### Given data
============================================================

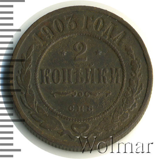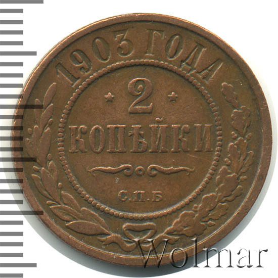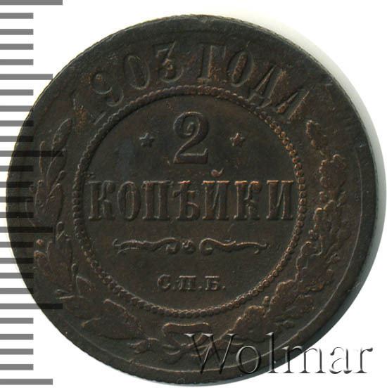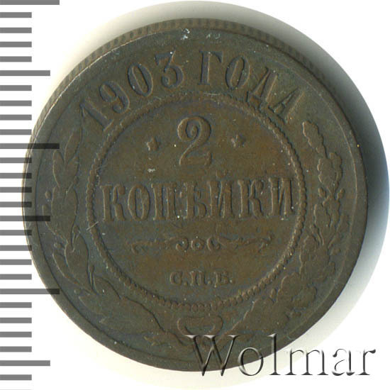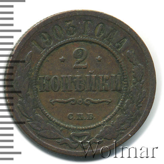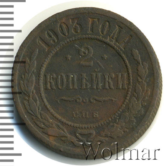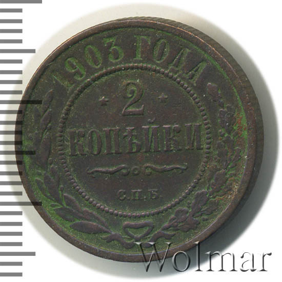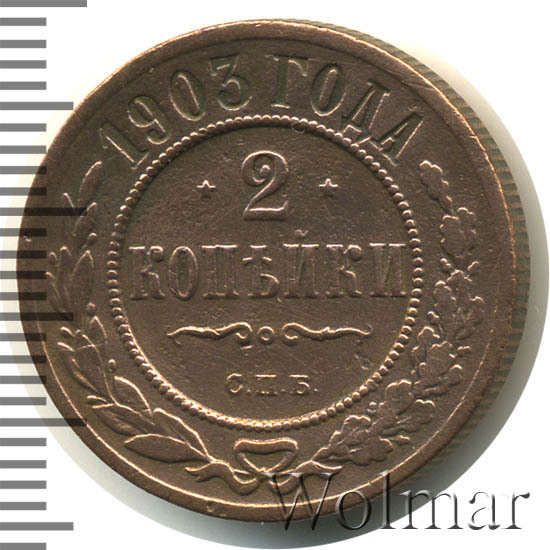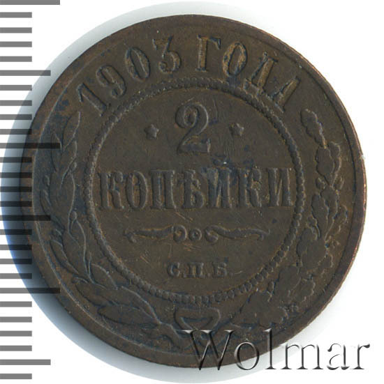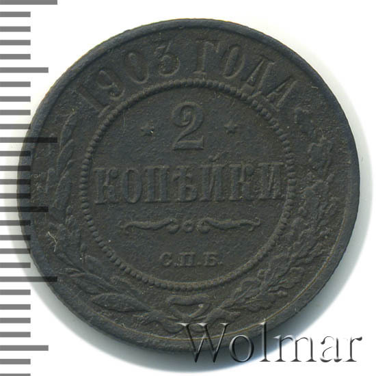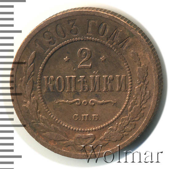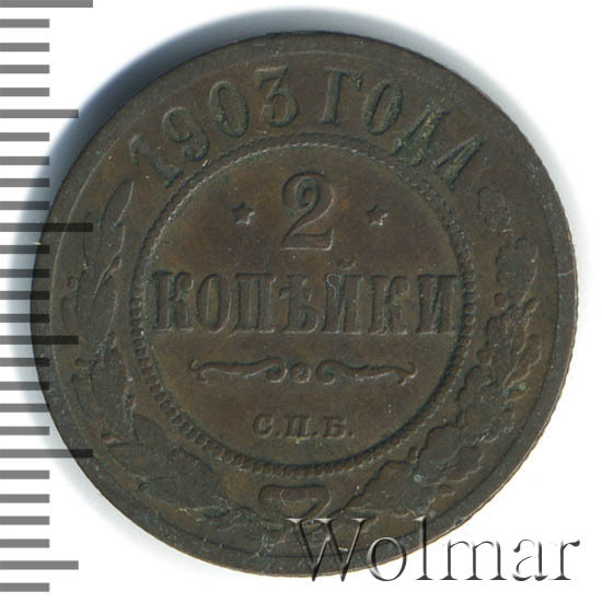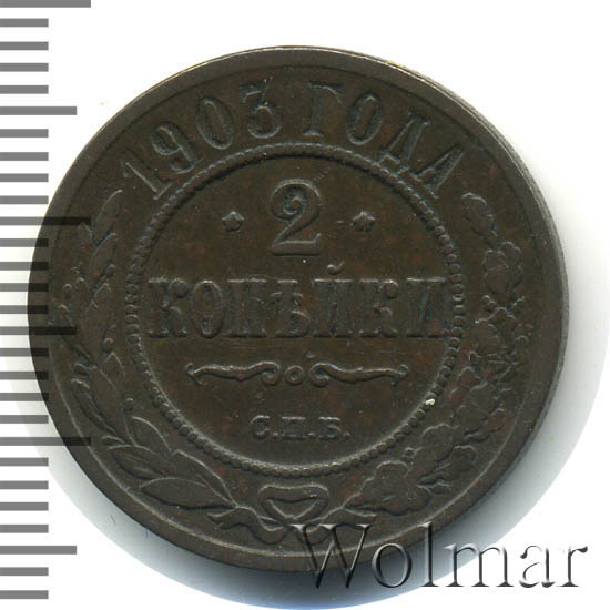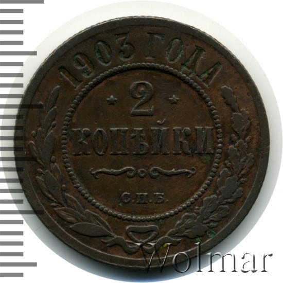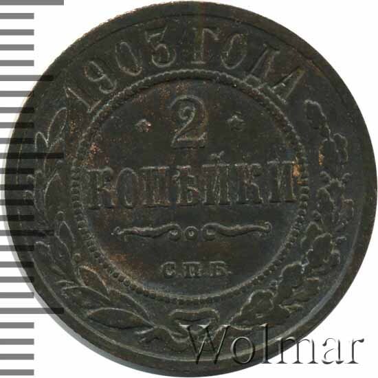 Монета 2 копейки 1903 года СПБ чеканилась на Санкт-Петербургском монетном дворе. Это рядовая монета времен правления Николая II, выпущенная огромным тиражом (почти 30 млн штук), встречается в любительских коллекциях повсеместно, а следовательно большой ценности не несет, за исключением хорошо сохранившихся экземпляров в сохранности UNC, то есть не побывавших в обращении. Заслуживает внимания монета 2 копейки 1903 года качества выпуска Proof, которую найти не просто и цена этой монеты во много раз превышает стоимость монет регулярного чекана того же года и номинала.
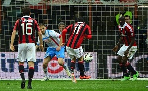 ویدال مارکیسیو به گل رسیدند تا با ثبت 2 بر صفر یووه تا قهرمانی و فتح اسکودتو فقط 2 امتیاز فاصله داشته باشد.در دیگر دیدار مهم هم میلان در حالی در سن سیرو کاتانیا را با نتیجه جالب 4 بر 2 شکست داد گه شاگردان آلگری در خانه 2 بار از حریف نه چندان مطرح خود عقب افتادند.کاتانیا در دقیقه 30 و گونسالو در دقیقه 65 دو گل کاتانیا را زدند و متیو فلامینی، پاترینی در دقایق 45، 74 و 77 و بالاخره بالوتلی در دقیقه 92 زننده گلهای میلان بودند.همچنین در ادامه هفته 34 سری آ، اینترمیلان در خانه پالرمو با نتیجه یک بر صفر شکستی دیگر را متحمل شد و تیم های فیورنتینما و رم به ترتیب با نتیجه 3 بر صفر سمپودریا و 4 بر صفر رم را شکست دادند.کیه وو 0-1 جنواپالرمو 1-0 اینترپارما 0-0 لاتزیورم 4-0 سیه ناسمپدوریا 0-3 فیورنتیناتورینو 0-0 یوونتوسمیلان 4 - کاتانیا 2
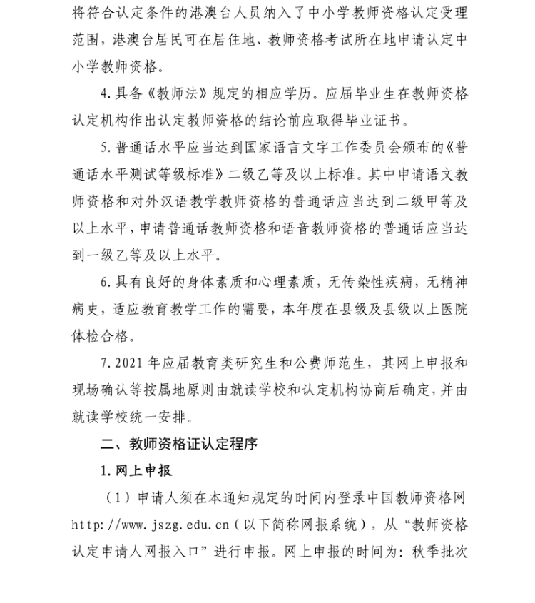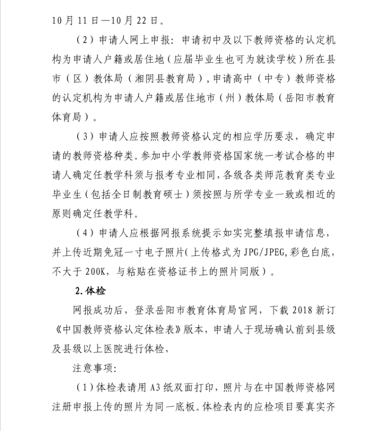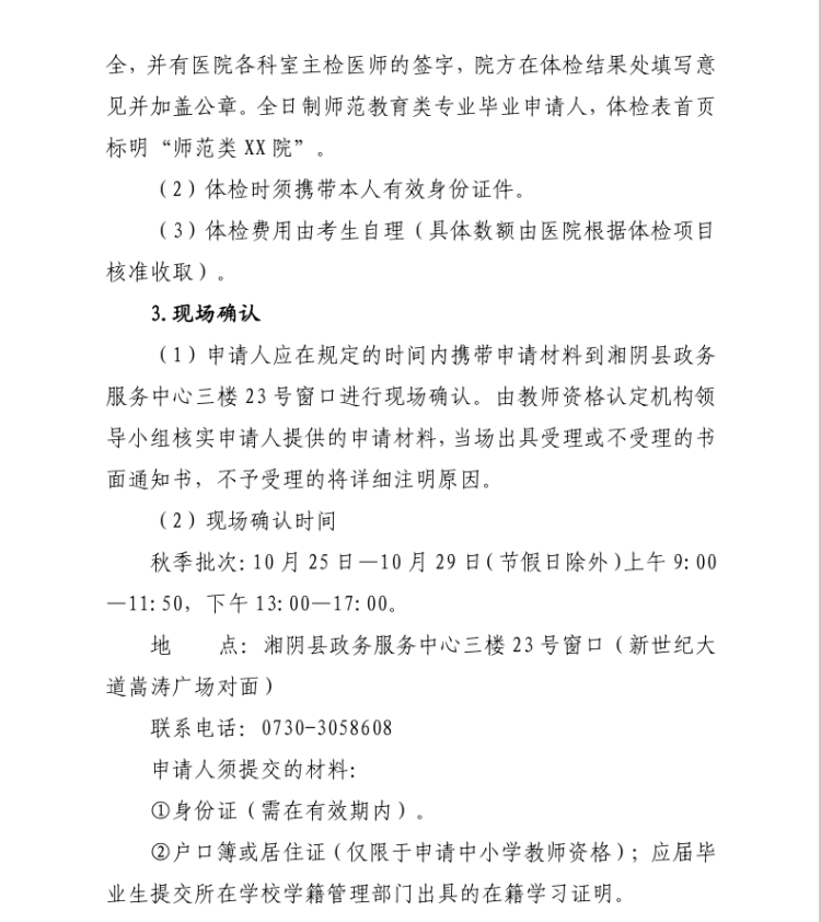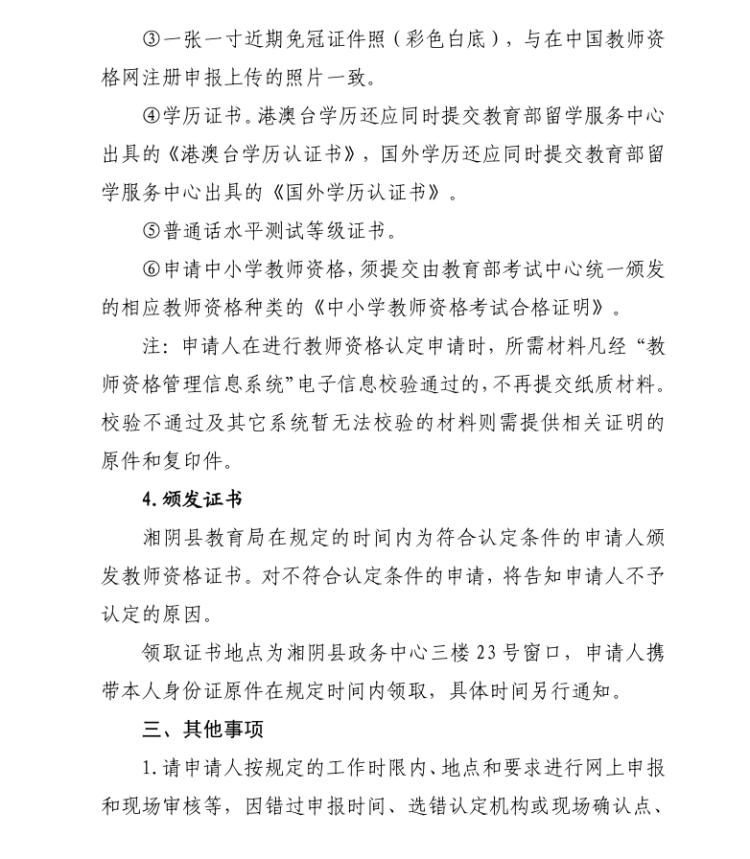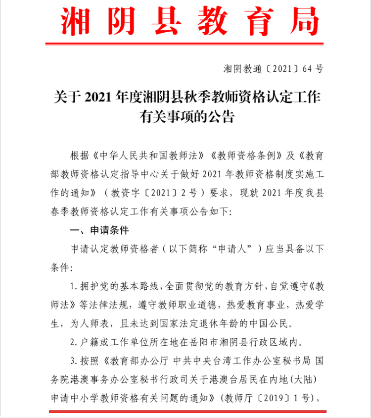 关于2021年度湘阴县秋季教师资格认定工作有关事项的公告
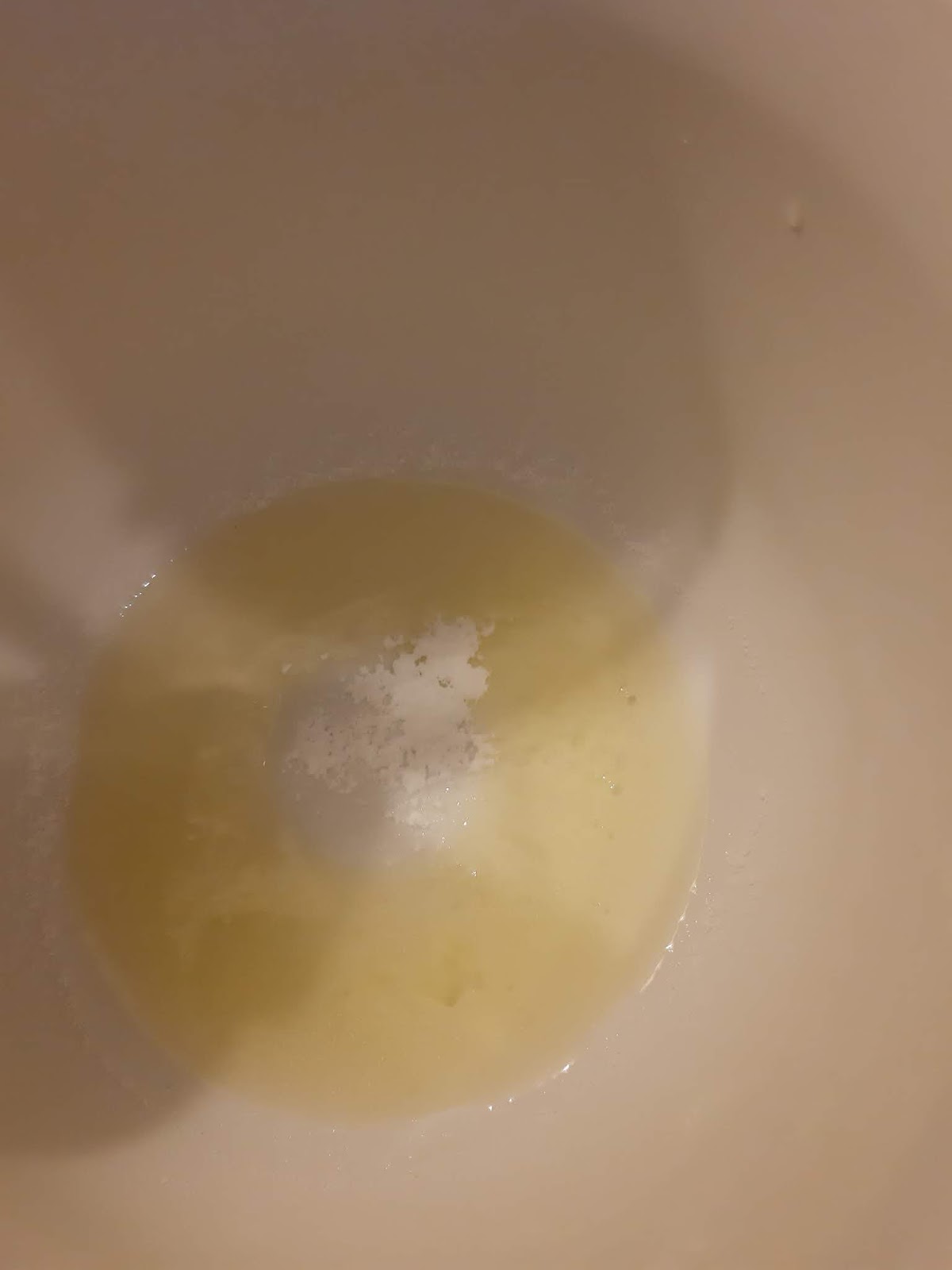 - За целта разбих оставения на студено белтък с пудрата захар и лимоновия сок
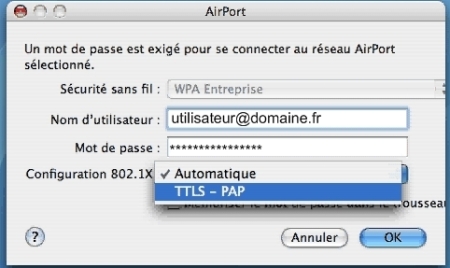 - Choisissez TTLS-PAP dans la liste déroulante "configuration 802.1x" et validez.

============================================================

### Exercise requirements
An exact reproduction of the material is needed, without its images.

### Result
 Монета 2 копейки 1903 года СПБ чеканилась на Санкт-Петербургском монетном дворе. Это рядовая монета времен правления Николая II, выпущенная огромным тиражом (почти 30 млн штук), встречается в любительских коллекциях повсеместно, а следовательно большой ценности не несет, за исключением хорошо сохранившихся экземпляров в сохранности UNC, то есть не побывавших в обращении. Заслуживает внимания монета 2 копейки 1903 года качества выпуска Proof, которую найти не просто и цена этой монеты во много раз превышает стоимость монет регулярного чекана того же года и номинала.
 ویدال مارکیسیو به گل رسیدند تا با ثبت 2 بر صفر یووه تا قهرمانی و فتح اسکودتو فقط 2 امتیاز فاصله داشته باشد.در دیگر دیدار مهم هم میلان در حالی در سن سیرو کاتانیا را با نتیجه جالب 4 بر 2 شکست داد گه شاگردان آلگری در خانه 2 بار از حریف نه چندان مطرح خود عقب افتادند.کاتانیا در دقیقه 30 و گونسالو در دقیقه 65 دو گل کاتانیا را زدند و متیو فلامینی، پاترینی در دقایق 45، 74 و 77 و بالاخره بالوتلی در دقیقه 92 زننده گلهای میلان بودند.همچنین در ادامه هفته 34 سری آ، اینترمیلان در خانه پالرمو با نتیجه یک بر صفر شکستی دیگر را متحمل شد و تیم های فیورنتینما و رم به ترتیب با نتیجه 3 بر صفر سمپودریا و 4 بر صفر رم را شکست دادند.کیه وو 0-1 جنواپالرمو 1-0 اینترپارما 0-0 لاتزیورم 4-0 سیه ناسمپدوریا 0-3 فیورنتیناتورینو 0-0 یوونتوسمیلان 4 - کاتانیا 2
 关于2021年度湘阴县秋季教师资格认定工作有关事项的公告
 - За целта разбих оставения на студено белтък с пудрата захар и лимоновия сок
 - Choisissez TTLS-PAP dans la liste déroulante "configuration 802.1x" et validez.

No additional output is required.